I'm currently on my 3rd playthrough, and I'm playing as a dark urge character who gives into his urges. For spoiler prevention I'll describe what I just finished as vaguely as possible. I just completed the durge objective that gives you a powerful reward in act 2.
This is depressing. All of the good that I accomplished in my first two playthroughs is absent. My camp is nearly empty. Lae zel's lifeless body has been laying in my camp for 2 full acts. Karlach, Wyll, Zevlor, Damon, Jaheira, and many others are dead, either by my hand or because of my actions.
I didn't fully appreciate just how lonely and depressing, self-serving life would be. I have more gold and loot than either of my other playthroughs, and I'm more powerful, but to what end? My own lonely existence? I don't think that I will continue past this point. I've accomplished what I set out to do, which was experience the game as an evil character. I don't think I need another 50 hours of this to pound the point home.
Hats off to Larian for making such an emotional and realistic game, full of vibrant and exciting characters.
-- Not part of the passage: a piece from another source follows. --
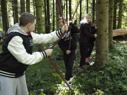 Waldstück waren noch weitere kooperativ heraufordernde Aufgaben aufgebaut, an denen sich die Klassen heranwagen und ihre Klassengemeinschaft unter Beweis stellen konnten. So gab es für die Klasse

I don't enjoy the world where I have betrayed them all.
If you can stomach/embrace the evil it opens up some fun/interesting Act 3 stuff. The Durge arc and the “full-send evil” endings for Astarion and Shadynasty specifically were neat to see given how not-evil they can turn out in a “good” playthrough.
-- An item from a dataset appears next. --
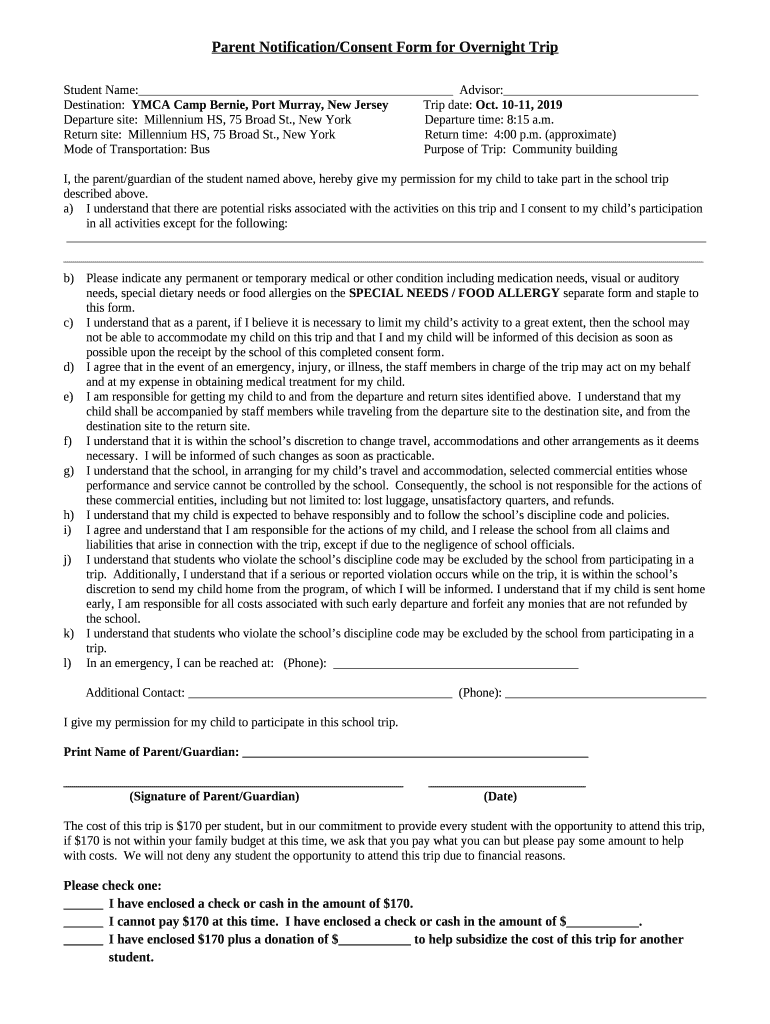 Parent Notification/Consent for Overnight Trip template instructions

I am also doing my Durge playthrough and it's so sad. I am making Shadowheart, Astarion, and Lae'zel the worst versions of themselves. They really did evil well.
I also got really sad about killing the cows after getting the act 2 reward for killing a certain someone. They didn't ask for this.
Maybe one can play the evil playthrough only before getting to know all the lovely characters a.k.a. on the first playthrough.
That probably helps with the evil.
Or you have to be borderline psychopath, I don't know.
Oh man. I picked The Dark Urge for my play through with my sister and I have been almost regretting it because god damn this guy is fucked up. It's been a long time since I've been genuinely shocked and upset by happenings in a video game. And we're not even that far! We just got past the Blighted Village in act 1. It's her first time, and though I've finished the game once already in another run it already feels like a completely different game.
I'm glad I'm not the only one this disturbed by a story. Hats off to Larian indeed; seems like this is gonna be one uncomfortable run.
They could have gone more evil and depressing in a specific part... Early on you can break the tiefling bard's lute that was a gift from her dead comrade and she then goes up to the nearby cliff to cry. She totally could have jumped, which is hella what I thought was going to happen after doing it the first time.
That definitely would have been very dark. I never encountered that scene, probably because I didn't spend much time talking to the random tieflings.
Edit: now I remember what you're talking about! The durge scene! Oh man, I only chose nice options for her because I was so stoked about having a bard companion in the party. I was very disappointed with the outcome.